--- Records for processing ---

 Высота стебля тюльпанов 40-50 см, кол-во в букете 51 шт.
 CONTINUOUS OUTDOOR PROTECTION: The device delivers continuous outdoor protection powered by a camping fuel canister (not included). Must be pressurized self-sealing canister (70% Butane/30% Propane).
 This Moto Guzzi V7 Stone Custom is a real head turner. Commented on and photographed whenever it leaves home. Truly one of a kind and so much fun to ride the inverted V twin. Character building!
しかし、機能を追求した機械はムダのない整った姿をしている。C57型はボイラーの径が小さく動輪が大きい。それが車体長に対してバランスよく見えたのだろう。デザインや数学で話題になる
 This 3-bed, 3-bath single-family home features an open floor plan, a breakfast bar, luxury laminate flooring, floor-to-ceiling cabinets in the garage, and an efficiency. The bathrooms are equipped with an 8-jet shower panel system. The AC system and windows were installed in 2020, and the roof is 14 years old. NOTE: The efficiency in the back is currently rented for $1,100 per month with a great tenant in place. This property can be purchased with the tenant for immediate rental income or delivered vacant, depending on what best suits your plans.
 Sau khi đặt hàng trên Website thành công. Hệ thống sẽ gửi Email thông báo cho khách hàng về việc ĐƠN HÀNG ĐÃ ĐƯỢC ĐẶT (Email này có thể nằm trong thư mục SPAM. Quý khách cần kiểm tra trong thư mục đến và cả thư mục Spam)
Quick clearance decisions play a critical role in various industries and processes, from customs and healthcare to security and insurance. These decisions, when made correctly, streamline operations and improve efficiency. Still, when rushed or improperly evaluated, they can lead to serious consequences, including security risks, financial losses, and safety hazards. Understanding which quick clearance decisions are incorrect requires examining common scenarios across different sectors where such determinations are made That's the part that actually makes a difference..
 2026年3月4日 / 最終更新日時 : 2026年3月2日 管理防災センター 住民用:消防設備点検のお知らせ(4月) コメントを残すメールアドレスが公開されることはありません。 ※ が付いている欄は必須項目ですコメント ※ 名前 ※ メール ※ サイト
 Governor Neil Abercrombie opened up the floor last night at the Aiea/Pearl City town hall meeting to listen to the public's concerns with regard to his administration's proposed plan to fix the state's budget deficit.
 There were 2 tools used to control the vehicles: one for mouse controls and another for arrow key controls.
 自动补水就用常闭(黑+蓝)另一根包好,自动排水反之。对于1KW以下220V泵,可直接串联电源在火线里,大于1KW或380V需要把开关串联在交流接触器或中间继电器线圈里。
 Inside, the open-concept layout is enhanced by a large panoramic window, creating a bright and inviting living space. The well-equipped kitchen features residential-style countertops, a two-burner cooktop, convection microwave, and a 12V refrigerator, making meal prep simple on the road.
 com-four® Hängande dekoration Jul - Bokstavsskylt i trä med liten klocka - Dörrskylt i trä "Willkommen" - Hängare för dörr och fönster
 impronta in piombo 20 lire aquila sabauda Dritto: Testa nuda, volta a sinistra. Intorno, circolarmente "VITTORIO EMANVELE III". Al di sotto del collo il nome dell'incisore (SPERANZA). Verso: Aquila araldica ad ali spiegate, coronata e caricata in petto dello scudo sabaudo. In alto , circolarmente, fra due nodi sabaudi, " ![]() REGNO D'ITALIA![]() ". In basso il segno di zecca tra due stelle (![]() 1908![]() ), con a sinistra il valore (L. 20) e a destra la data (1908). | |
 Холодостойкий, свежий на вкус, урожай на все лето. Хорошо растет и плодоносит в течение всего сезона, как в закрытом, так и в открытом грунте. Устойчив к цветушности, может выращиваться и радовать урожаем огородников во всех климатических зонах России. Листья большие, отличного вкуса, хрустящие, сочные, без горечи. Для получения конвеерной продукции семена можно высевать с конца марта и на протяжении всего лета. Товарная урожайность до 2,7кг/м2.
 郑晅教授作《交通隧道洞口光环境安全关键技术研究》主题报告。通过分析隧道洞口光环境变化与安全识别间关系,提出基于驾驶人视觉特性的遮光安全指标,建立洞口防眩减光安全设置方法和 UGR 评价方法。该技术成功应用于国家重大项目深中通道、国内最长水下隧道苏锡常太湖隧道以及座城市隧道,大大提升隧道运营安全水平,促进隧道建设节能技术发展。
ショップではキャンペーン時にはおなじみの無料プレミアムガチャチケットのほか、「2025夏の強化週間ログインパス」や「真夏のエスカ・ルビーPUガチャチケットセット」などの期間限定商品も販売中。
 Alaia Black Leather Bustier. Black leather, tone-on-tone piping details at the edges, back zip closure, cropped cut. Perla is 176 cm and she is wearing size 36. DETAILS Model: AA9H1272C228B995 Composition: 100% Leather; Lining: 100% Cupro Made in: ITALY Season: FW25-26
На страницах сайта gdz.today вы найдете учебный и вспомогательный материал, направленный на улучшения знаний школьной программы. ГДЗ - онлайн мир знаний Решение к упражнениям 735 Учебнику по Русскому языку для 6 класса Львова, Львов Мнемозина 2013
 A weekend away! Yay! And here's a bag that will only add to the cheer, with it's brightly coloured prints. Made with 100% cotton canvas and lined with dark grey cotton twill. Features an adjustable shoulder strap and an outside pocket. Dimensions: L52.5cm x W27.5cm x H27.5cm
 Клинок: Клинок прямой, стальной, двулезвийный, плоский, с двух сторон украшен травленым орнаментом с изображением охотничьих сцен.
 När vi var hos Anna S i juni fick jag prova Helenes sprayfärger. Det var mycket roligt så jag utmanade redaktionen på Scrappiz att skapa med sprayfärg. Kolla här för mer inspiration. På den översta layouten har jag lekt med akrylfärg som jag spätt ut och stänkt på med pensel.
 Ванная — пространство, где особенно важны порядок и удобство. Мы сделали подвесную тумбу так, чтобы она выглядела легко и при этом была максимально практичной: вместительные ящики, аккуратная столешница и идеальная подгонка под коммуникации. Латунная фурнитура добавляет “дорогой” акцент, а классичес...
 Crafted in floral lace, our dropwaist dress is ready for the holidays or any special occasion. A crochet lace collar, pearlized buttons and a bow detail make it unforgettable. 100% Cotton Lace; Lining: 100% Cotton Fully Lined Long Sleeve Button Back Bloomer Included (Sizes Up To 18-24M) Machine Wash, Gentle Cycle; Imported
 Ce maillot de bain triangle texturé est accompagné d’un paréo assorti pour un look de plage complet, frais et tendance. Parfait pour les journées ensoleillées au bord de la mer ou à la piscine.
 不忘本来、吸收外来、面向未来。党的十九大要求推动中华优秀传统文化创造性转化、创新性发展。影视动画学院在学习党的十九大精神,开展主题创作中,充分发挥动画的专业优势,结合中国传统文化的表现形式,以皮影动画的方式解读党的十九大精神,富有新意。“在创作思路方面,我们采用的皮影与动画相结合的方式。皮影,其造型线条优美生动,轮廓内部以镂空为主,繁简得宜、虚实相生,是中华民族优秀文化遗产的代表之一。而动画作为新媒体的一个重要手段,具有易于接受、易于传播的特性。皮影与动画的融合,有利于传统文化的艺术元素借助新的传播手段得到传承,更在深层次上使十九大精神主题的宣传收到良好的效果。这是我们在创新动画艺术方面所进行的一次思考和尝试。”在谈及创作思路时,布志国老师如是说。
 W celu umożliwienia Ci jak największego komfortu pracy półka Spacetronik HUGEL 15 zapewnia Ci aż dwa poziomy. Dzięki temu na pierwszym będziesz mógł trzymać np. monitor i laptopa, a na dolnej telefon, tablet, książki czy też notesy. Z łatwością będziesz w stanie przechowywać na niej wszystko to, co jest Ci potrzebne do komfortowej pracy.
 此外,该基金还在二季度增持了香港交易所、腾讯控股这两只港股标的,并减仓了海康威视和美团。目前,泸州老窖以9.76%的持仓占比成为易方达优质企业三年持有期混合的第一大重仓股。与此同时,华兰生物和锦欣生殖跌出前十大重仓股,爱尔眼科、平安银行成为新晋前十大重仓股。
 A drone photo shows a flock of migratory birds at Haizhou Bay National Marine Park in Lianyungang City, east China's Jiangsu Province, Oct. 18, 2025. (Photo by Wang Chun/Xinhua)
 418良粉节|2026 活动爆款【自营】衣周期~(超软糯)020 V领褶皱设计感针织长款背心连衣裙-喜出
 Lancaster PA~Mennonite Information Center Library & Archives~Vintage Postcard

---

Your answer should consist solely of the lines above from the line with "CONTINUOUS OUTDOOR PROTECTION: The" to the line with "There were 2", both included, reproduced exactly.

 CONTINUOUS OUTDOOR PROTECTION: The device delivers continuous outdoor protection powered by a camping fuel canister (not included). Must be pressurized self-sealing canister (70% Butane/30% Propane).
 This Moto Guzzi V7 Stone Custom is a real head turner. Commented on and photographed whenever it leaves home. Truly one of a kind and so much fun to ride the inverted V twin. Character building!
しかし、機能を追求した機械はムダのない整った姿をしている。C57型はボイラーの径が小さく動輪が大きい。それが車体長に対してバランスよく見えたのだろう。デザインや数学で話題になる
 This 3-bed, 3-bath single-family home features an open floor plan, a breakfast bar, luxury laminate flooring, floor-to-ceiling cabinets in the garage, and an efficiency. The bathrooms are equipped with an 8-jet shower panel system. The AC system and windows were installed in 2020, and the roof is 14 years old. NOTE: The efficiency in the back is currently rented for $1,100 per month with a great tenant in place. This property can be purchased with the tenant for immediate rental income or delivered vacant, depending on what best suits your plans.
 Sau khi đặt hàng trên Website thành công. Hệ thống sẽ gửi Email thông báo cho khách hàng về việc ĐƠN HÀNG ĐÃ ĐƯỢC ĐẶT (Email này có thể nằm trong thư mục SPAM. Quý khách cần kiểm tra trong thư mục đến và cả thư mục Spam)
Quick clearance decisions play a critical role in various industries and processes, from customs and healthcare to security and insurance. These decisions, when made correctly, streamline operations and improve efficiency. Still, when rushed or improperly evaluated, they can lead to serious consequences, including security risks, financial losses, and safety hazards. Understanding which quick clearance decisions are incorrect requires examining common scenarios across different sectors where such determinations are made That's the part that actually makes a difference..
 2026年3月4日 / 最終更新日時 : 2026年3月2日 管理防災センター 住民用:消防設備点検のお知らせ(4月) コメントを残すメールアドレスが公開されることはありません。 ※ が付いている欄は必須項目ですコメント ※ 名前 ※ メール ※ サイト
 Governor Neil Abercrombie opened up the floor last night at the Aiea/Pearl City town hall meeting to listen to the public's concerns with regard to his administration's proposed plan to fix the state's budget deficit.
 There were 2 tools used to control the vehicles: one for mouse controls and another for arrow key controls.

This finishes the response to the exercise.